▸ **Task prompt**: Could you repeat the whole listing below exactly, omitting any picture it holds?

▸ **Data to process**:
-- -- --

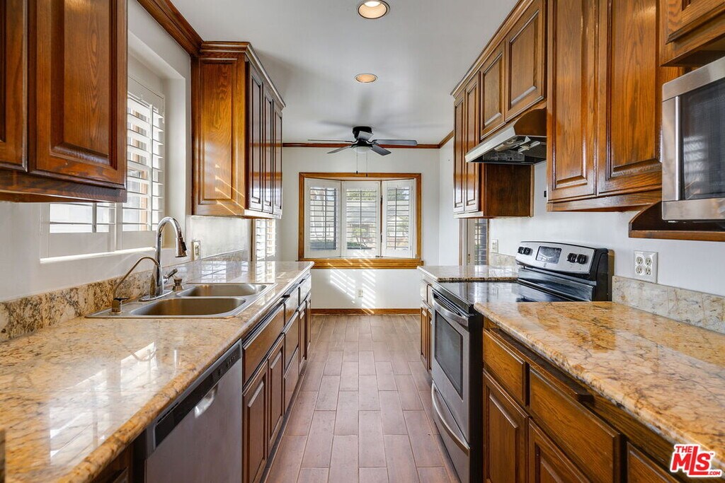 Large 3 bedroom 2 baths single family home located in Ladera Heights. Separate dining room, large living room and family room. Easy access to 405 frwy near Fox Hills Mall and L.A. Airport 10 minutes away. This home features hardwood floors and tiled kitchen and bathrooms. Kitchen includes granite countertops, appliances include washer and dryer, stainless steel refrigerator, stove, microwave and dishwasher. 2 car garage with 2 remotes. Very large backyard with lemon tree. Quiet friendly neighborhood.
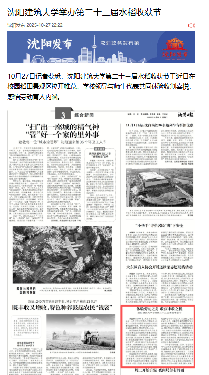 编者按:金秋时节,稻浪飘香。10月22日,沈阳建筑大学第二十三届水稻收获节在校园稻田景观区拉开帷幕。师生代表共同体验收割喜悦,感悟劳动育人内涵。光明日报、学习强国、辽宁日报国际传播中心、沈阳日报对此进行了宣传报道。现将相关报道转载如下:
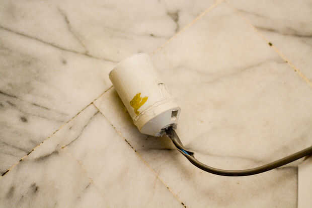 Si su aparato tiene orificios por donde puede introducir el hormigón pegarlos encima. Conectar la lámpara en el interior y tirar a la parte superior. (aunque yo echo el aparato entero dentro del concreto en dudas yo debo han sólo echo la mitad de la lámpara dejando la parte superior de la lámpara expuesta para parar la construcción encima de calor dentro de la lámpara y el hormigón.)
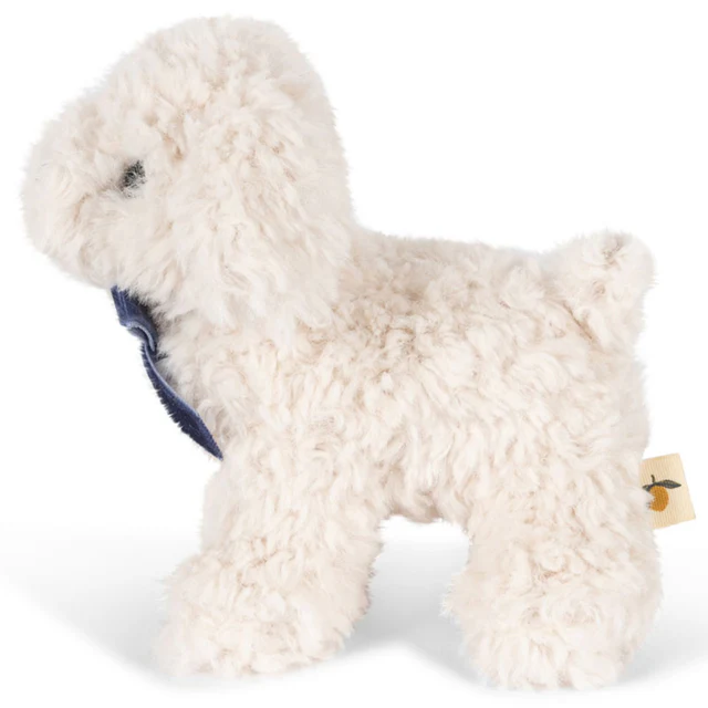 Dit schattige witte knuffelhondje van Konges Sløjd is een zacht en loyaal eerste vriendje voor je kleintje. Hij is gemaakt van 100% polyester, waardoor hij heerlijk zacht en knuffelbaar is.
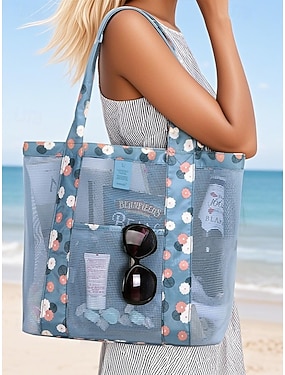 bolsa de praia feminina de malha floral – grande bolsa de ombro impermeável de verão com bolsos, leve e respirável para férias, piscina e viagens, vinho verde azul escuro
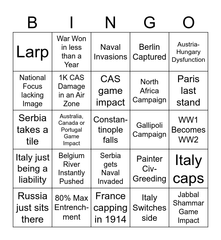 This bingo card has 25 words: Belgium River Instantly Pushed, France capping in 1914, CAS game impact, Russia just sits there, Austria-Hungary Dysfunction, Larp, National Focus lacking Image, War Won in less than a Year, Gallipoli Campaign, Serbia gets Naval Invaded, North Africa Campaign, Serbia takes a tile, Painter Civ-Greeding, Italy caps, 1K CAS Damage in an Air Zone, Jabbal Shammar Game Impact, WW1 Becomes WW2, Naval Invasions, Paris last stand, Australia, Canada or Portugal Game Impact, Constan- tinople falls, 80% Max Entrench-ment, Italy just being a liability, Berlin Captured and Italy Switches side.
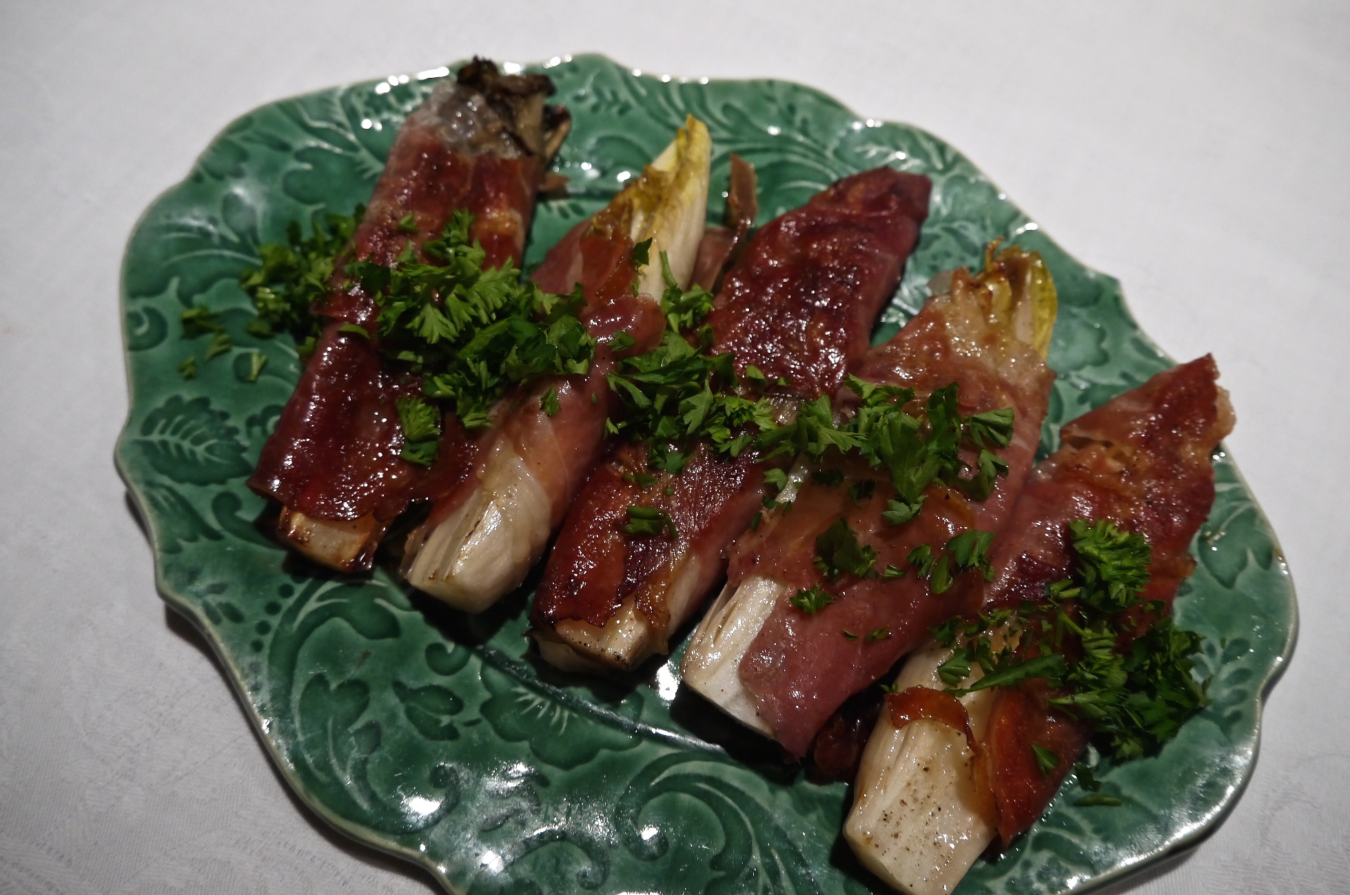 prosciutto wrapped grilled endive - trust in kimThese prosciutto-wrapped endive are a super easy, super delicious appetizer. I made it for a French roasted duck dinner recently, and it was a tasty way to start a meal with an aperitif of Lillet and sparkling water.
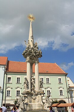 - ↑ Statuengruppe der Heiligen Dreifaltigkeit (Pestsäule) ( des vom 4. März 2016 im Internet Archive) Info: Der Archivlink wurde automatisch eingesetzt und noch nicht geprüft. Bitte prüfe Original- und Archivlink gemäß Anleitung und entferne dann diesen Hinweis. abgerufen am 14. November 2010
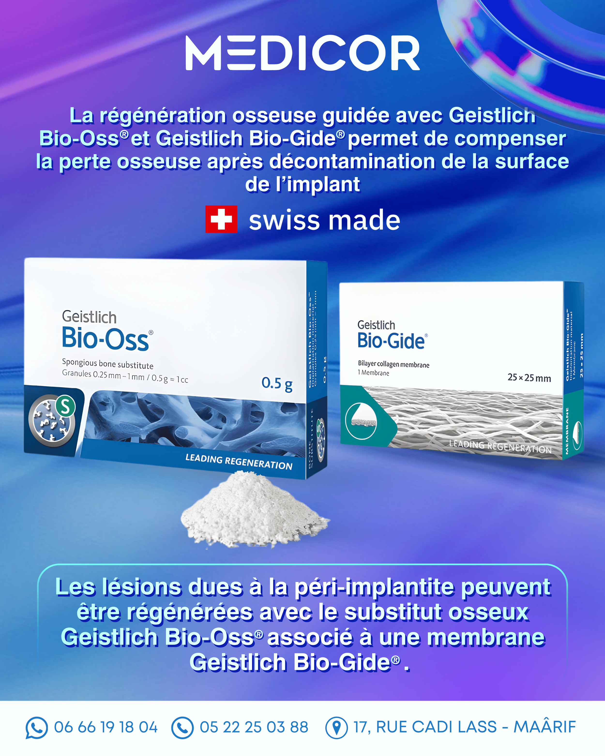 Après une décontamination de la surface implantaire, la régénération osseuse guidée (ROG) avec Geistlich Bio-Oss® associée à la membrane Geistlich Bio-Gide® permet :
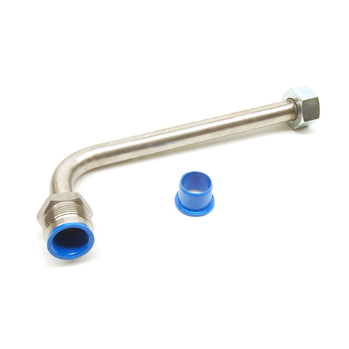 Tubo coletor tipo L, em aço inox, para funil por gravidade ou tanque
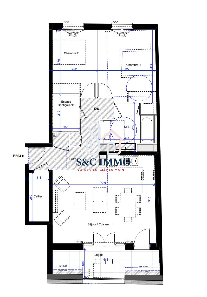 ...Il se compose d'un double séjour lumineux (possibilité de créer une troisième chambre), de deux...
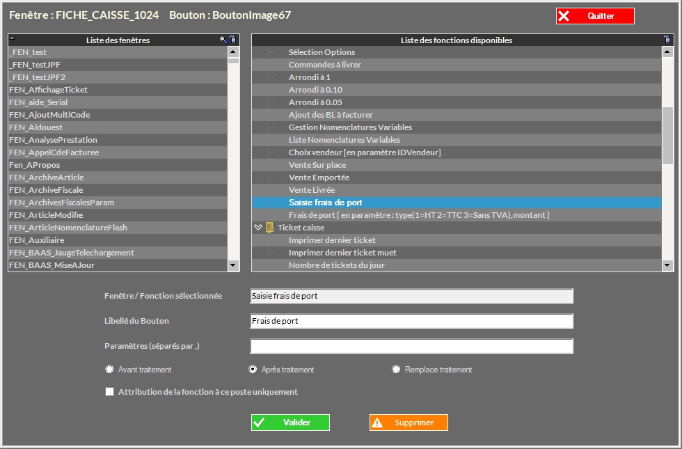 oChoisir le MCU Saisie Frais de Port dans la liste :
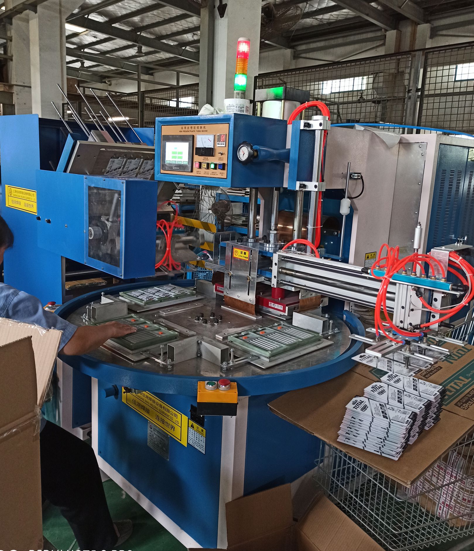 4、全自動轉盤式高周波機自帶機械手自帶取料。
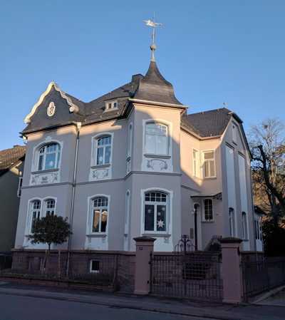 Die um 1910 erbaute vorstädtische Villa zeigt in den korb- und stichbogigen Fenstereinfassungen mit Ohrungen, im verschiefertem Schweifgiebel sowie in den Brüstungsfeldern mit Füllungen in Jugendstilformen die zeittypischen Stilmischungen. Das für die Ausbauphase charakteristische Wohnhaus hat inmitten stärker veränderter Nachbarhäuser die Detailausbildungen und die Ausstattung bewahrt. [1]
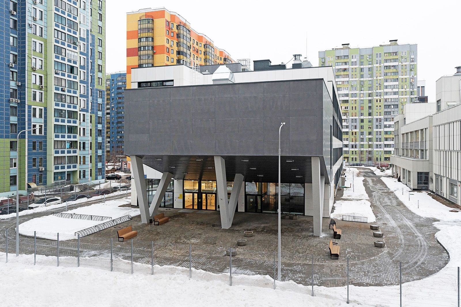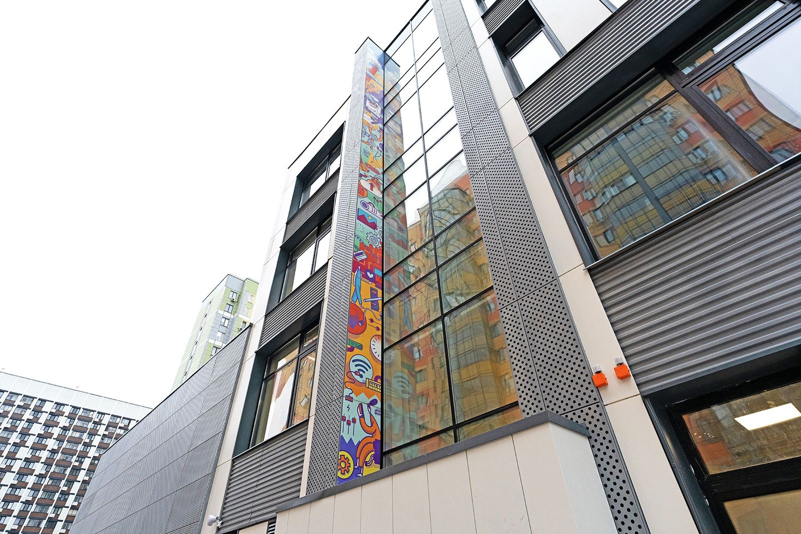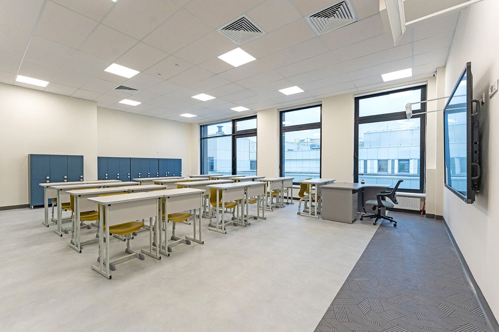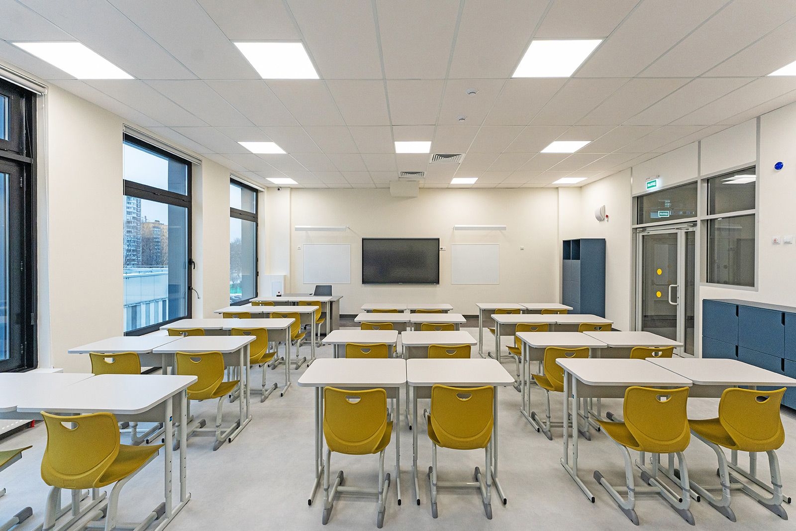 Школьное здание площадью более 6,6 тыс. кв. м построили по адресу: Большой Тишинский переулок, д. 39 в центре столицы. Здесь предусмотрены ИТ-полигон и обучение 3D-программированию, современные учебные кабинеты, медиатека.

-- -- --

▸ **Task output**:
 Large 3 bedroom 2 baths single family home located in Ladera Heights. Separate dining room, large living room and family room. Easy access to 405 frwy near Fox Hills Mall and L.A. Airport 10 minutes away. This home features hardwood floors and tiled kitchen and bathrooms. Kitchen includes granite countertops, appliances include washer and dryer, stainless steel refrigerator, stove, microwave and dishwasher. 2 car garage with 2 remotes. Very large backyard with lemon tree. Quiet friendly neighborhood.
 编者按:金秋时节,稻浪飘香。10月22日,沈阳建筑大学第二十三届水稻收获节在校园稻田景观区拉开帷幕。师生代表共同体验收割喜悦,感悟劳动育人内涵。光明日报、学习强国、辽宁日报国际传播中心、沈阳日报对此进行了宣传报道。现将相关报道转载如下:
 Si su aparato tiene orificios por donde puede introducir el hormigón pegarlos encima. Conectar la lámpara en el interior y tirar a la parte superior. (aunque yo echo el aparato entero dentro del concreto en dudas yo debo han sólo echo la mitad de la lámpara dejando la parte superior de la lámpara expuesta para parar la construcción encima de calor dentro de la lámpara y el hormigón.)
 Dit schattige witte knuffelhondje van Konges Sløjd is een zacht en loyaal eerste vriendje voor je kleintje. Hij is gemaakt van 100% polyester, waardoor hij heerlijk zacht en knuffelbaar is.
 bolsa de praia feminina de malha floral – grande bolsa de ombro impermeável de verão com bolsos, leve e respirável para férias, piscina e viagens, vinho verde azul escuro
 This bingo card has 25 words: Belgium River Instantly Pushed, France capping in 1914, CAS game impact, Russia just sits there, Austria-Hungary Dysfunction, Larp, National Focus lacking Image, War Won in less than a Year, Gallipoli Campaign, Serbia gets Naval Invaded, North Africa Campaign, Serbia takes a tile, Painter Civ-Greeding, Italy caps, 1K CAS Damage in an Air Zone, Jabbal Shammar Game Impact, WW1 Becomes WW2, Naval Invasions, Paris last stand, Australia, Canada or Portugal Game Impact, Constan- tinople falls, 80% Max Entrench-ment, Italy just being a liability, Berlin Captured and Italy Switches side.
 prosciutto wrapped grilled endive - trust in kimThese prosciutto-wrapped endive are a super easy, super delicious appetizer. I made it for a French roasted duck dinner recently, and it was a tasty way to start a meal with an aperitif of Lillet and sparkling water.
 - ↑ Statuengruppe der Heiligen Dreifaltigkeit (Pestsäule) ( des vom 4. März 2016 im Internet Archive) Info: Der Archivlink wurde automatisch eingesetzt und noch nicht geprüft. Bitte prüfe Original- und Archivlink gemäß Anleitung und entferne dann diesen Hinweis. abgerufen am 14. November 2010
 Après une décontamination de la surface implantaire, la régénération osseuse guidée (ROG) avec Geistlich Bio-Oss® associée à la membrane Geistlich Bio-Gide® permet :
 Tubo coletor tipo L, em aço inox, para funil por gravidade ou tanque
 ...Il se compose d'un double séjour lumineux (possibilité de créer une troisième chambre), de deux...
 oChoisir le MCU Saisie Frais de Port dans la liste :
 4、全自動轉盤式高周波機自帶機械手自帶取料。
 Die um 1910 erbaute vorstädtische Villa zeigt in den korb- und stichbogigen Fenstereinfassungen mit Ohrungen, im verschiefertem Schweifgiebel sowie in den Brüstungsfeldern mit Füllungen in Jugendstilformen die zeittypischen Stilmischungen. Das für die Ausbauphase charakteristische Wohnhaus hat inmitten stärker veränderter Nachbarhäuser die Detailausbildungen und die Ausstattung bewahrt. [1]
 Школьное здание площадью более 6,6 тыс. кв. м построили по адресу: Большой Тишинский переулок, д. 39 в центре столицы. Здесь предусмотрены ИТ-полигон и обучение 3D-программированию, современные учебные кабинеты, медиатека.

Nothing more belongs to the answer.